Aim of the exercise:
Every line below from the one containing "IMソリューションはEC業界" through the one containing "Стильные элегантные часы" is to be printed exactly, with the pictures omitted.

[[ Given records open ]]

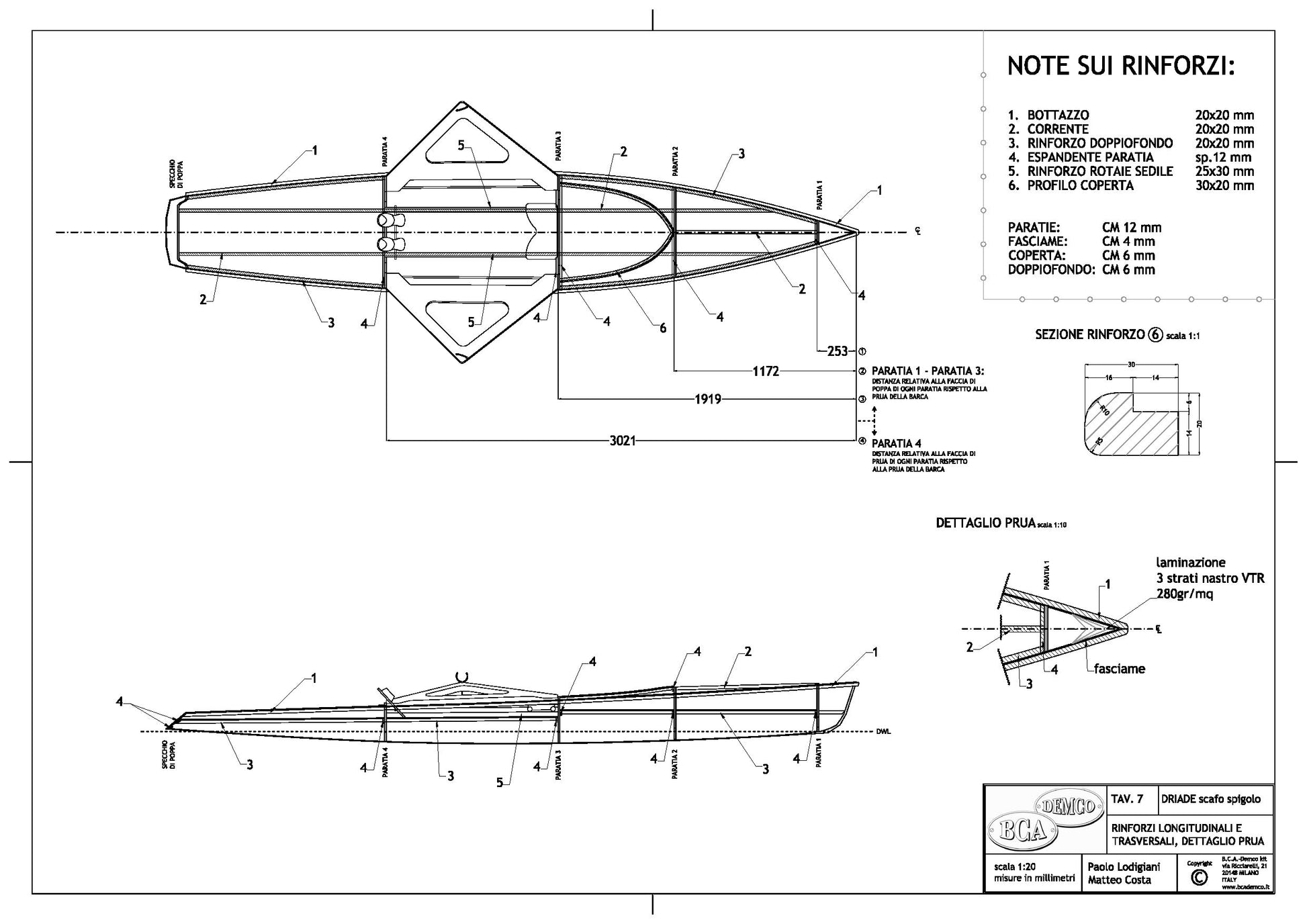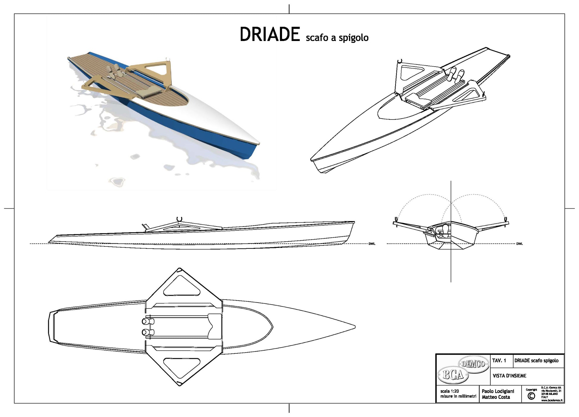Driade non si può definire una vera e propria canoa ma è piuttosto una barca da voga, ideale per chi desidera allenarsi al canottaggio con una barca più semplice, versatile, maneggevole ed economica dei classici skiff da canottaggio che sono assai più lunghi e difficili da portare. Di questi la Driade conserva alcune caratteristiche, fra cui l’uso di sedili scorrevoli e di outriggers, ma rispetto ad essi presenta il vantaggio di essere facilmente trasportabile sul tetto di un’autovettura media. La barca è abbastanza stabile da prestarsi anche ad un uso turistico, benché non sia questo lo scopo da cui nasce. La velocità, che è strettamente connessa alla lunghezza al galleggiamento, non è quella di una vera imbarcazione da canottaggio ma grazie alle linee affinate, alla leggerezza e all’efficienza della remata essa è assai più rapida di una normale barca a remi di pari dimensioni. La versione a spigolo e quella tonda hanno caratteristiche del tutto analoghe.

[[ Given records closed ]]
[[ Given records open ]]

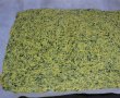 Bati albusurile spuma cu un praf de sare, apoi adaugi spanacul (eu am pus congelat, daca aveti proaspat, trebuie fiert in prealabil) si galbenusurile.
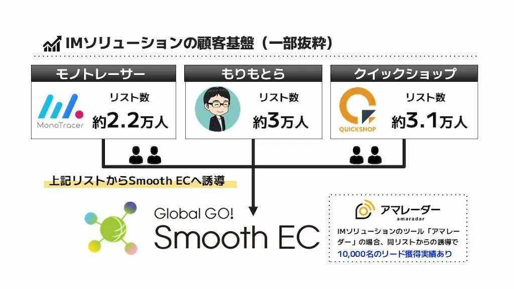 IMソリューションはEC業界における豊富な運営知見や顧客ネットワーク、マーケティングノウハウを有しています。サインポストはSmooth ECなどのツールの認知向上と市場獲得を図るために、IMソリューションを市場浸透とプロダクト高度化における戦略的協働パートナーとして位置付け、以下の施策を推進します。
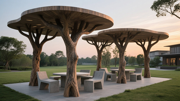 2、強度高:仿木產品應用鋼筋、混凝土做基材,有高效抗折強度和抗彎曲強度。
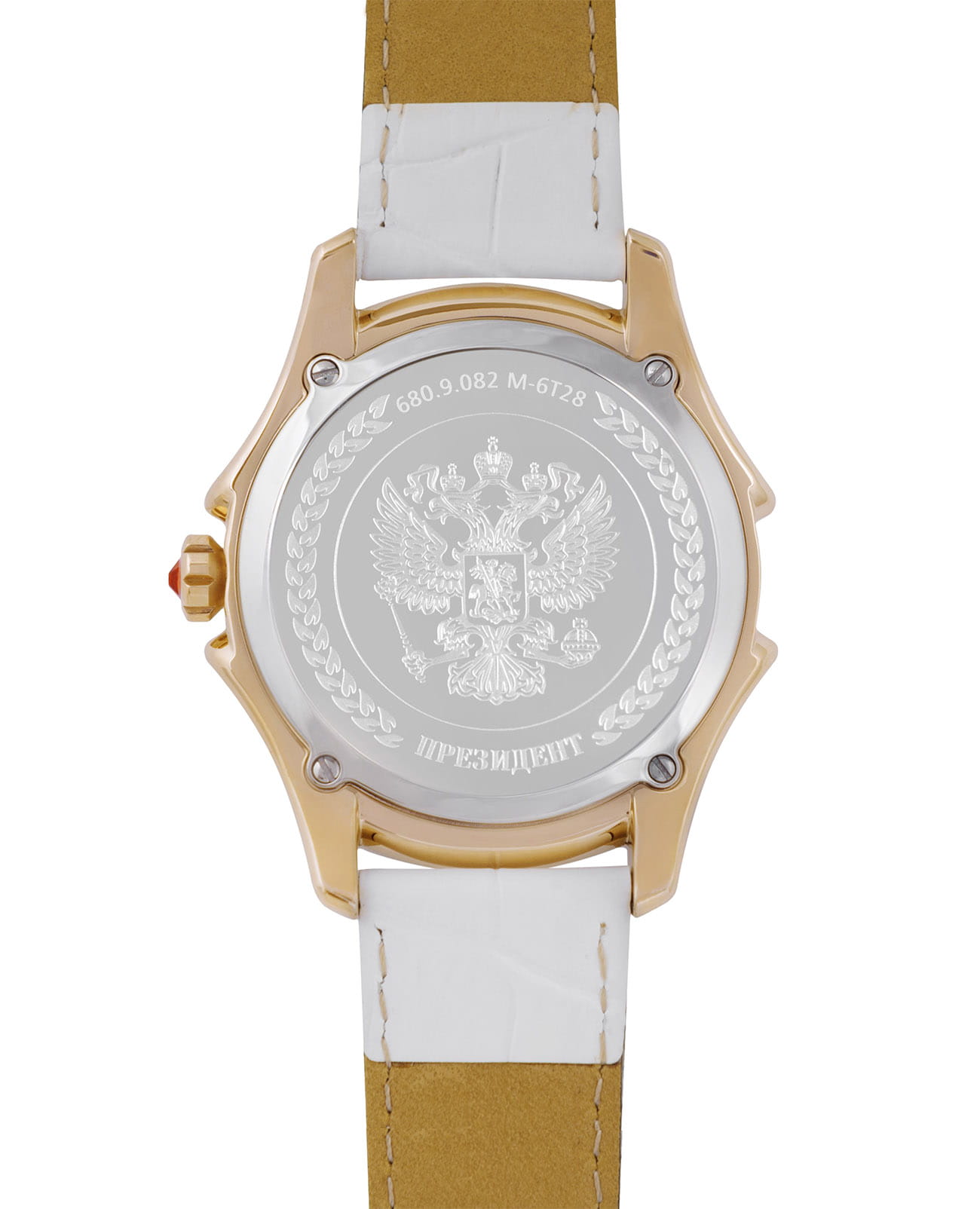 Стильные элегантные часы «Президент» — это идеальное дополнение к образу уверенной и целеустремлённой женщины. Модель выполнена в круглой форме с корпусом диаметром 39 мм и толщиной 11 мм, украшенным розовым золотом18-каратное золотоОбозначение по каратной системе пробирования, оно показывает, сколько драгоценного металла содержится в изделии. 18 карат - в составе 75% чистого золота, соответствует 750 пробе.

[[ Given records closed ]]

Response to this task:
 IMソリューションはEC業界における豊富な運営知見や顧客ネットワーク、マーケティングノウハウを有しています。サインポストはSmooth ECなどのツールの認知向上と市場獲得を図るために、IMソリューションを市場浸透とプロダクト高度化における戦略的協働パートナーとして位置付け、以下の施策を推進します。
 2、強度高:仿木產品應用鋼筋、混凝土做基材,有高效抗折強度和抗彎曲強度。
 Стильные элегантные часы «Президент» — это идеальное дополнение к образу уверенной и целеустремлённой женщины. Модель выполнена в круглой форме с корпусом диаметром 39 мм и толщиной 11 мм, украшенным розовым золотом18-каратное золотоОбозначение по каратной системе пробирования, оно показывает, сколько драгоценного металла содержится в изделии. 18 карат - в составе 75% чистого золота, соответствует 750 пробе.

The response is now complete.